BEIJING, Aug. 6 (Xinhua) -- Several U.S. officials and cybersecurity firms have been disseminating misinformation alleging that "Chinese hackers" have infiltrated U.S. government department computer networks and accessed officials' email accounts.

This fresh wave of attempts to vilify China and stoke controversy is a stark reminder of America's questionable history in this realm.

This photo taken on March 21, 2023 shows the Capitol building in Washington, D.C., the United States. (Xinhua/Liu Jie)

THE REAL ATTACKERS

Last month, William Burns, the director of the U.S. Central Intelligence Agency (CIA), revealed that the agency has been actively working to rebuild its spy networks in China and "has made some progress" in doing so.

How ironic. While the United States criticizes China for cyberattacks, it shows a lack of accountability by not attempting to hide its involvement in espionage activities within China. This exposes the double standards that Washington has been employing for years.

"The Americans repeatedly spread false information about so-called Chinese espionage and cyberattacks while blatantly admitting that they are carrying out large-scale intelligence activities against China," said Chinese Foreign Ministry spokesperson Mao Ning. "This fact speaks volumes in itself."

"The United States needs to stop slapping false labels on China," Chinese Foreign Ministry spokesperson Wang Wenbin commented at another news briefing in response to a question regarding U.S. reports of network hacks.

"We've shared relevant facts with the international community on multiple occasions. China is the biggest victim of cyber attacks," he added.

In 2022, China's Northwestern Polytechnical University fell victim to a cyberattack from abroad. Based on the analysis and tracing done by the joint team of the National Computer Virus Emergency Response Center of China (CVERC) and 360 Total Security, all clues point to the Office of Tailored Access Operations (TAO), a cyber-warfare intelligence-gathering unit affiliated to the U.S. National Security Agency (NSA), as the perpetrator.

The report from the investigation showed that the United States used 41 specialized cyber weapons to launch cyber theft operations over 1,000 times against the university and stole core technical data.

China has been one of the main targets of U.S. cyberattacks, and the actions mentioned above are just the tip of the iceberg.

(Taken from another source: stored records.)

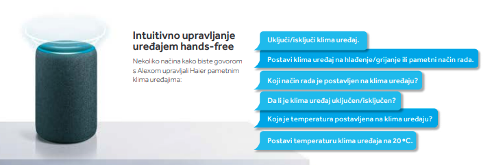Intuitivno upravljanje uređajem hands-free Nekoliko načina kako biste govorom s Alexom upravljali Haier pametnim klima uređajima: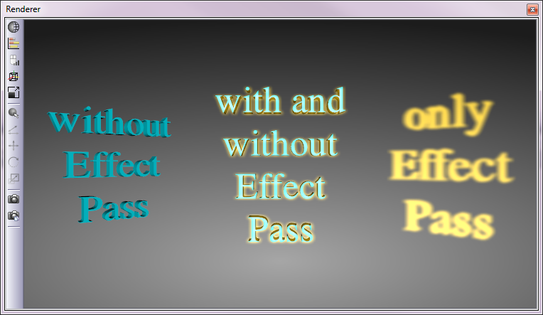 In the screen-shot below a glow effect was assigned to text objects. The glow is rendered in a separate render pass. Depending on the settings of the Filter Pass node only text, only glow or both, text and glow, are rendered.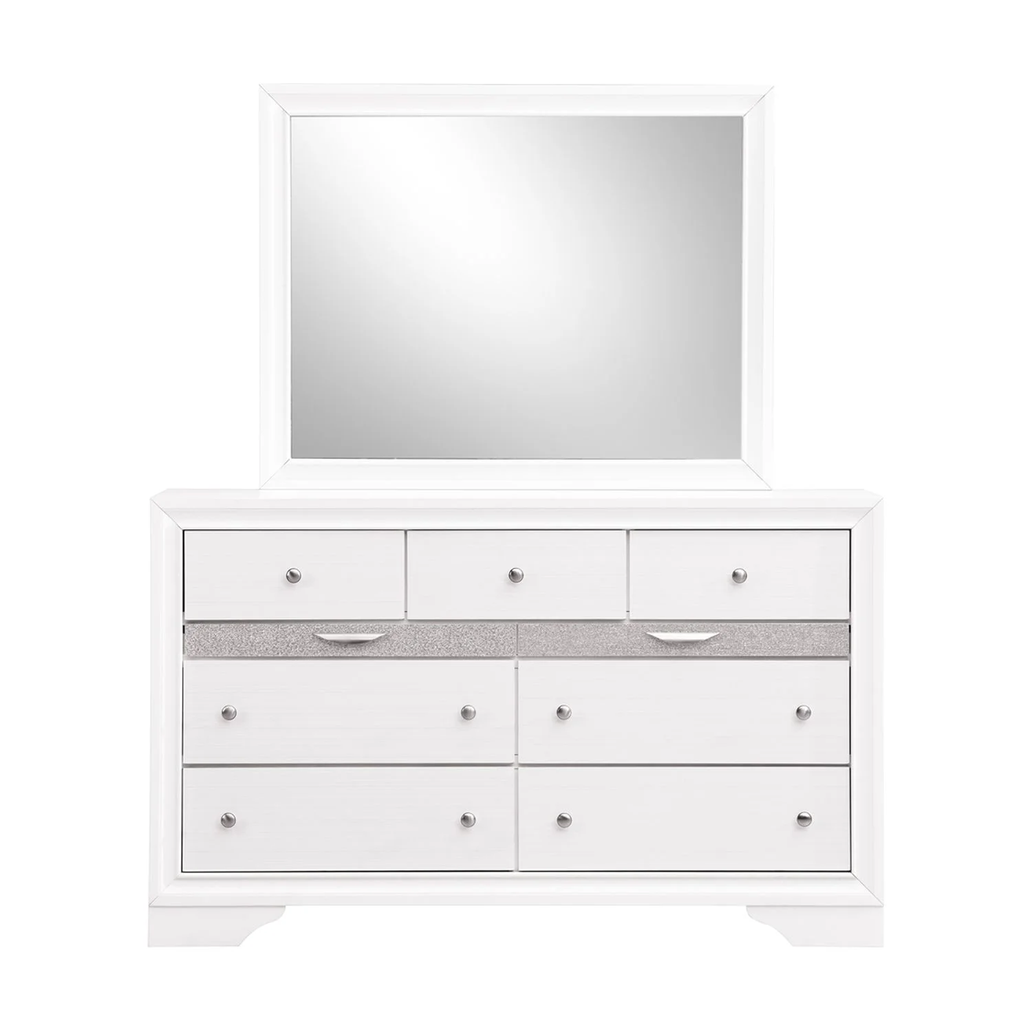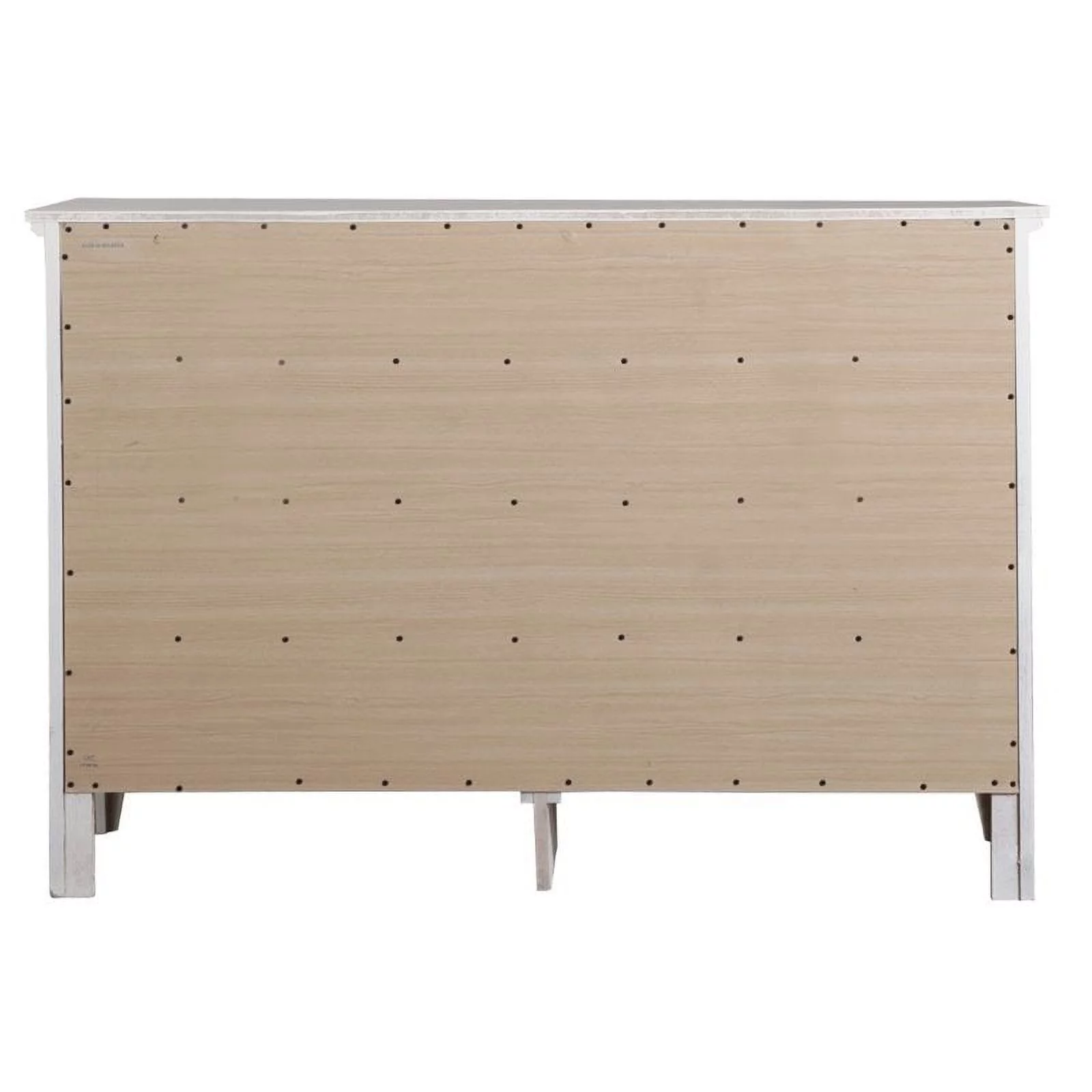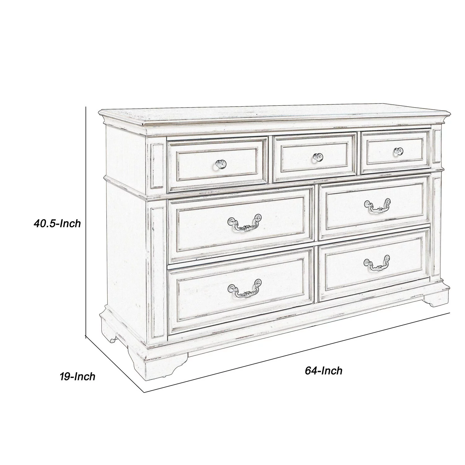 Benjara BM218013 7 Drawer Wooden Dresser with Metal Handles & Molded Details, White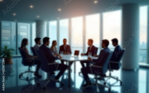 blurred business people meeting in modern office building conference room. generative AI. High quality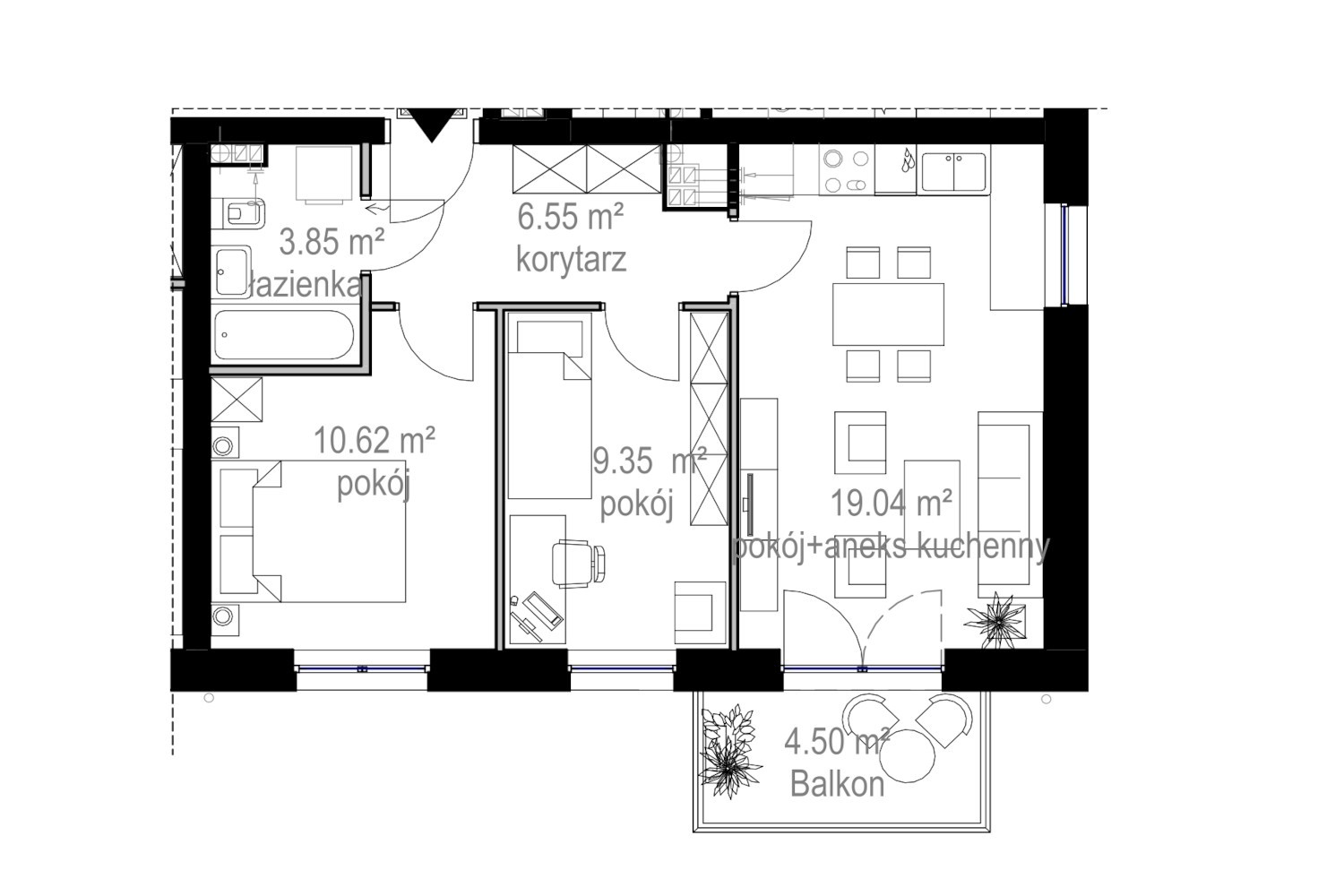 Komfortowe 3 pokojowe mieszkanie numer 64 usytuowane na II piętrze segmentu B. Powierzchnia użytkowa to 49,41 m kw. Składa się z: przedpokoju, pokoju dziennego z aneksem, dwóch sypialni, łazienki i balkonu. Mieszkanie w stanie deweloperskim do własnej aranżacji. Do dyspozycji mieszkańców komfortowa cichobieżna winda, zewnętrzny ogrodzony plac zabaw, parking naziemny. Ogrzewanie gazowe poprzez własną kotłownie. Do mieszkania przynależy komórka lokatorska w cenie mieszkania. Możliwość zakupu indywidualnego garażu.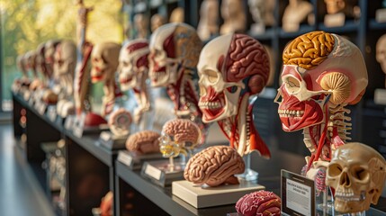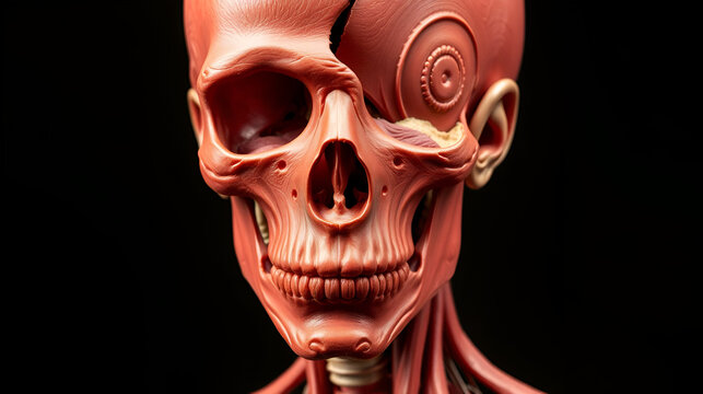 Scene featuring a detailed skeletal model, focusing on the skull and its various structures
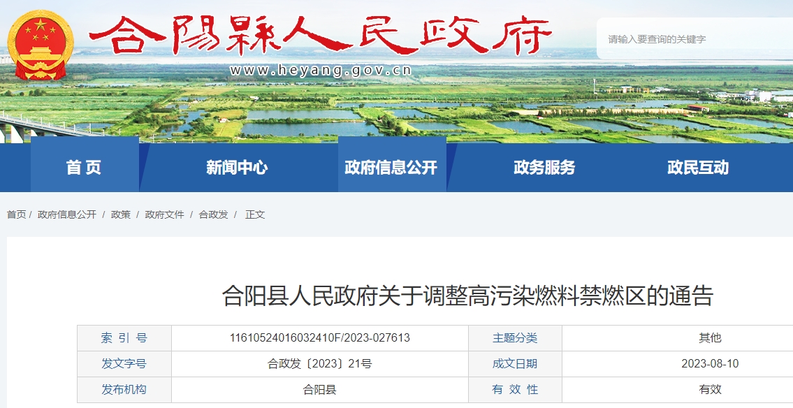 本通告于2023年8月10日起施行,至2028年8月10日起自行廢止。原合陽縣人民政府《關于縣城高污染禁燃區禁止使用燃煤等高污染燃料的通告》(合政發〔2020〕45號)同時廢止。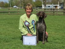 W.E.L.K.S. CH SHOW - A day of April showers for the first outdoor champ show of the year but at least it was outside even though when the sun went in it was a tad chilly! Logan hadn't been to a show since January as he couldn't go to Crufts and then his breeder judged at the GSPA Ch show in March, so it was with great delight that he picked up his 3rd CC of the year in as many shows. Our judge was Mrs Julia Thomas (Knabynnus GSP's) who had a great entry including 23 in Post Grad bitch, where Greta was awarded VHC. Greta thought that today instead of leaping in the air when doing her triangle, she would have a bark, the little madam that she is!

According to a report released in 2021 by the CVERC, more than 42 million malware attacks were detected in China in 2020, and the number of malware attacks from the United States accounted for 53.1 percent of all foreign attacks.

This photo taken on June 29, 2023 shows the White House in Washington, D.C., the United States. (Photo by Aaron Schwartz/Xinhua)

HAND IN COOKIE JAR

The United States has long earned its name as an empire of hackers, with numerous instances of spying on other countries.

In 2013, Edward Snowden, a former CIA contractor, walked out with a vast trove of secret documents, disclosing to the press details of extensive internet and phone surveillance by the American intelligence community.

As the scandal widened, multiple media outlets revealed that the NSA tapped directly into the servers of internet firms to track online communication in a surveillance program known as Prism.

According to a report published in 2014 by Der Spiegel, a German weekly news magazine, the NSA snooped on as many as 122 foreign heads of state in 2009, listing them alphabetically by their first names.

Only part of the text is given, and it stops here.